__DIRECTIONS__
The answer must be an exact copy of the lines from the one with "Auf unserem letzten" to the last line of the entries below, both included, and must contain no pictures.

═════ RECORDS SUPPLIED ═════

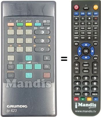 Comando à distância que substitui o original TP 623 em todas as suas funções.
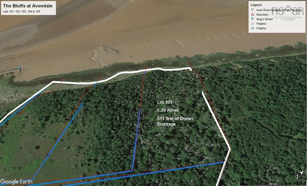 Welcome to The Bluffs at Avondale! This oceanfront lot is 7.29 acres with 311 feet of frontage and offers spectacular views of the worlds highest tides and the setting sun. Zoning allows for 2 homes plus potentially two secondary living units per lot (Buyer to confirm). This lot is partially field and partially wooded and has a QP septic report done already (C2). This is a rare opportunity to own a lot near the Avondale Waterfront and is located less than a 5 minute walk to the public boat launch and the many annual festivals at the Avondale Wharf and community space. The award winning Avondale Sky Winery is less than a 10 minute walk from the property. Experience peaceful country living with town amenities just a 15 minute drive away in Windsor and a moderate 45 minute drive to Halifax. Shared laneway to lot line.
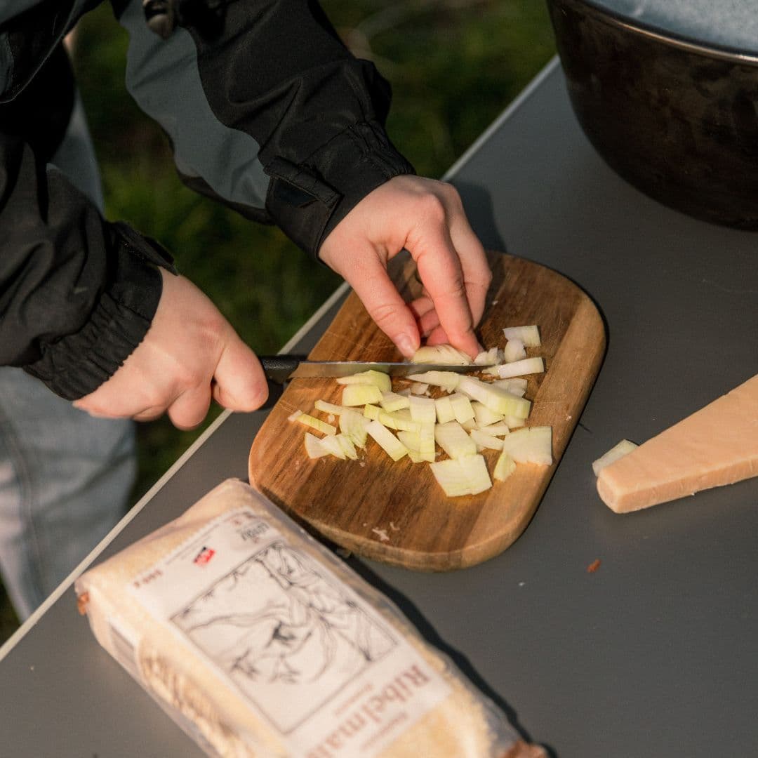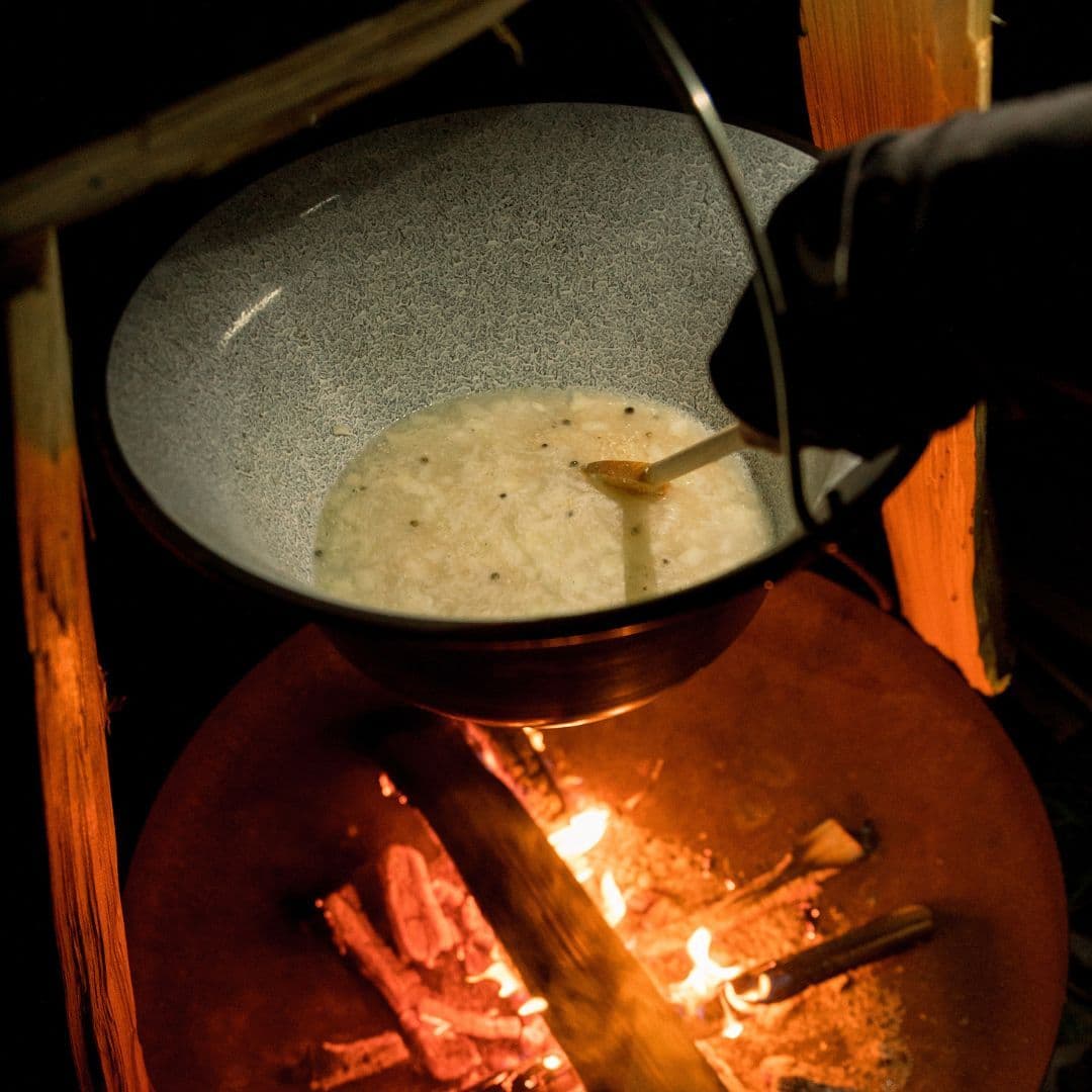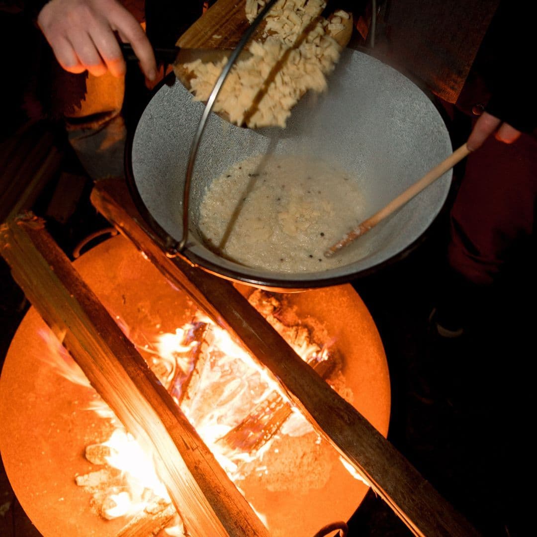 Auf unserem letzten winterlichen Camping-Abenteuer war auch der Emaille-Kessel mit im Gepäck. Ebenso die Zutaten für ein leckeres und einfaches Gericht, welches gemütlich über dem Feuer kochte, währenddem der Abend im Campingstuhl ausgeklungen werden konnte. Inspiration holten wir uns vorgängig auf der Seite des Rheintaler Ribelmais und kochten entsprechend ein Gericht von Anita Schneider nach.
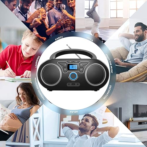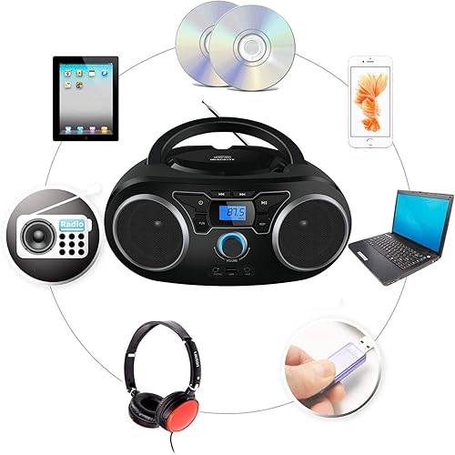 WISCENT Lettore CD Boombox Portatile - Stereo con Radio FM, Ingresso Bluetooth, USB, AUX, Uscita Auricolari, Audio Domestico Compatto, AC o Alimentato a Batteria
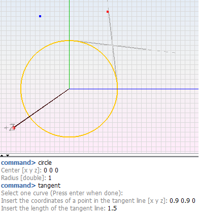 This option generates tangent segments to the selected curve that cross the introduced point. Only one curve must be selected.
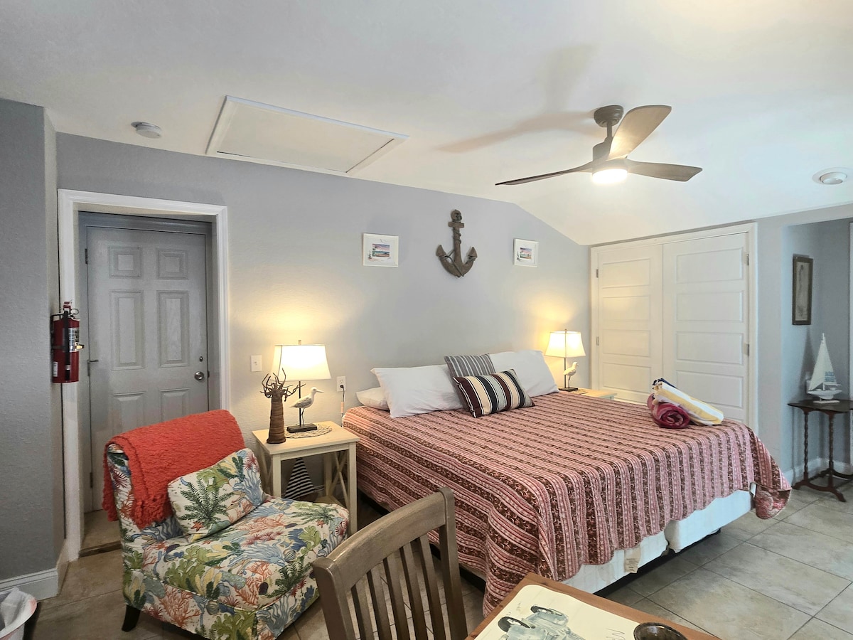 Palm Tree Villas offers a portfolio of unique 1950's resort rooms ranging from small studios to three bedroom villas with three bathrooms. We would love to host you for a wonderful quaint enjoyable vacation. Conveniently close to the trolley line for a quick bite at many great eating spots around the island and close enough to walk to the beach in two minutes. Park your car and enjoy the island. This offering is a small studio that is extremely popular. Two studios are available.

═════

__RESULT FOR THIS EXERCISE__
 Auf unserem letzten winterlichen Camping-Abenteuer war auch der Emaille-Kessel mit im Gepäck. Ebenso die Zutaten für ein leckeres und einfaches Gericht, welches gemütlich über dem Feuer kochte, währenddem der Abend im Campingstuhl ausgeklungen werden konnte. Inspiration holten wir uns vorgängig auf der Seite des Rheintaler Ribelmais und kochten entsprechend ein Gericht von Anita Schneider nach.
 WISCENT Lettore CD Boombox Portatile - Stereo con Radio FM, Ingresso Bluetooth, USB, AUX, Uscita Auricolari, Audio Domestico Compatto, AC o Alimentato a Batteria
 This option generates tangent segments to the selected curve that cross the introduced point. Only one curve must be selected.
 Palm Tree Villas offers a portfolio of unique 1950's resort rooms ranging from small studios to three bedroom villas with three bathrooms. We would love to host you for a wonderful quaint enjoyable vacation. Conveniently close to the trolley line for a quick bite at many great eating spots around the island and close enough to walk to the beach in two minutes. Park your car and enjoy the island. This offering is a small studio that is extremely popular. Two studios are available.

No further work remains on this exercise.